## Requirement
Leave out the pictures and copy each record below exactly.

[Extracted records]
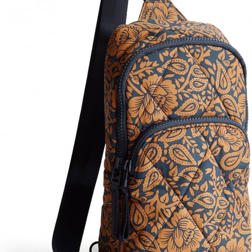 Vera Bradley Women’s Lorman Sling Backpack-Featherweight Bag, Lotus Montage Roasted Pecan, One Size
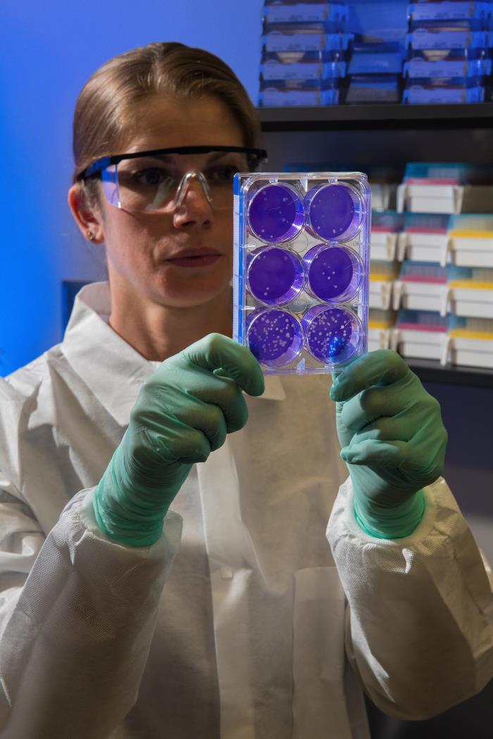 File photo: a scientist of the Centers for Disease Control and Prevention (CDC) examines the result of a plaque assay, which is a test that allows scientist to count how many flu virus particles are in a mixture. (Photo credit: CDC)
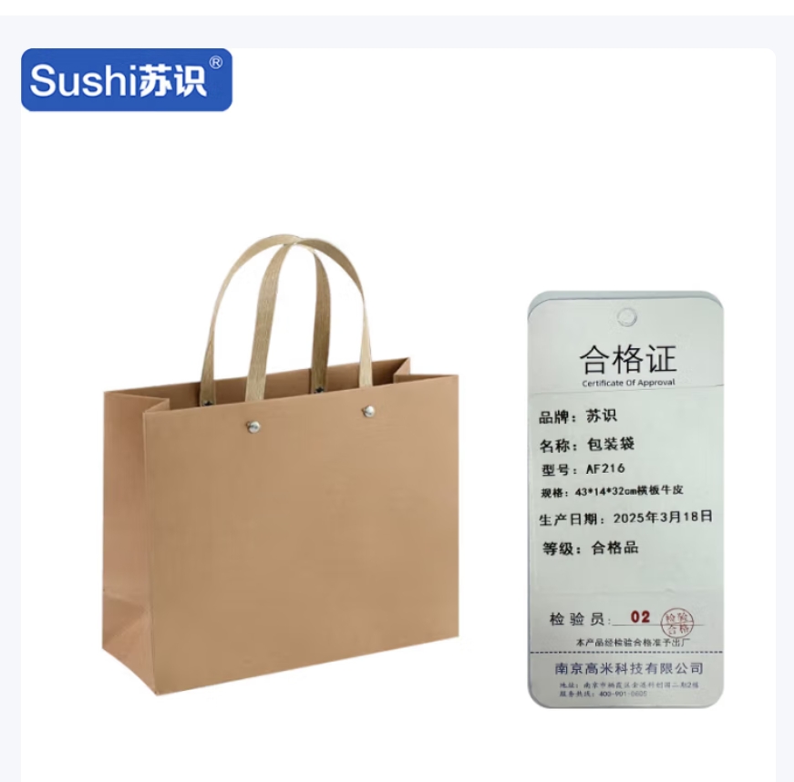 苏识 手提牛皮纸袋包装袋 43*14*32横版牛皮10个装 AF216 包
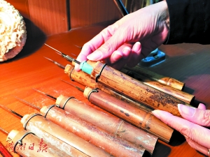 仇玉英展示她改良后制作卓刀的工具
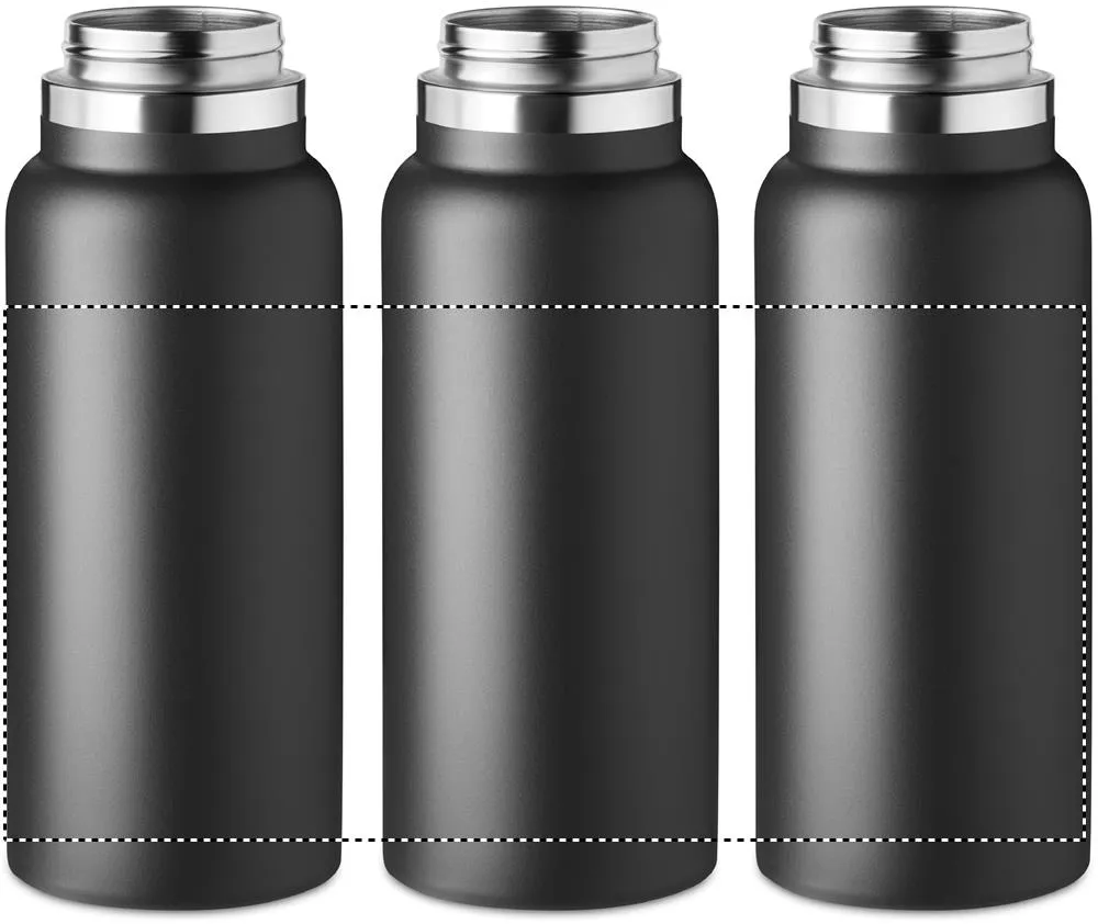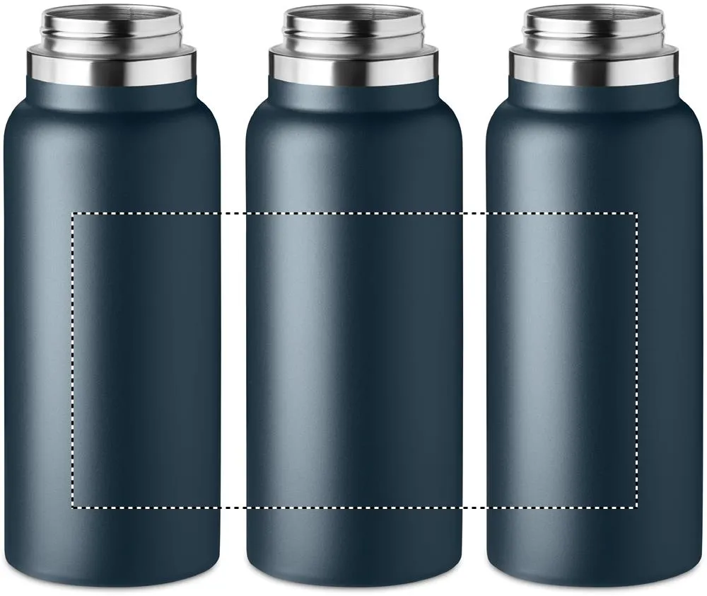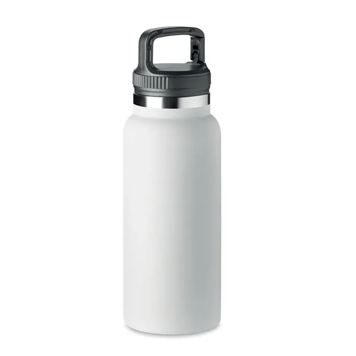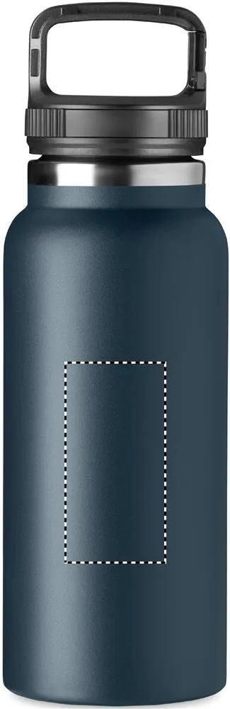 Garrafa isolada a vácuo de parede dupla de aço inoxidável com cabide na tampa. Capacidade: 970 ml.Garrafa de parede dupla 970 ml

## Solution to the problem
 Vera Bradley Women’s Lorman Sling Backpack-Featherweight Bag, Lotus Montage Roasted Pecan, One Size
 File photo: a scientist of the Centers for Disease Control and Prevention (CDC) examines the result of a plaque assay, which is a test that allows scientist to count how many flu virus particles are in a mixture. (Photo credit: CDC)
 苏识 手提牛皮纸袋包装袋 43*14*32横版牛皮10个装 AF216 包
 仇玉英展示她改良后制作卓刀的工具
 Garrafa isolada a vácuo de parede dupla de aço inoxidável com cabide na tampa. Capacidade: 970 ml.Garrafa de parede dupla 970 ml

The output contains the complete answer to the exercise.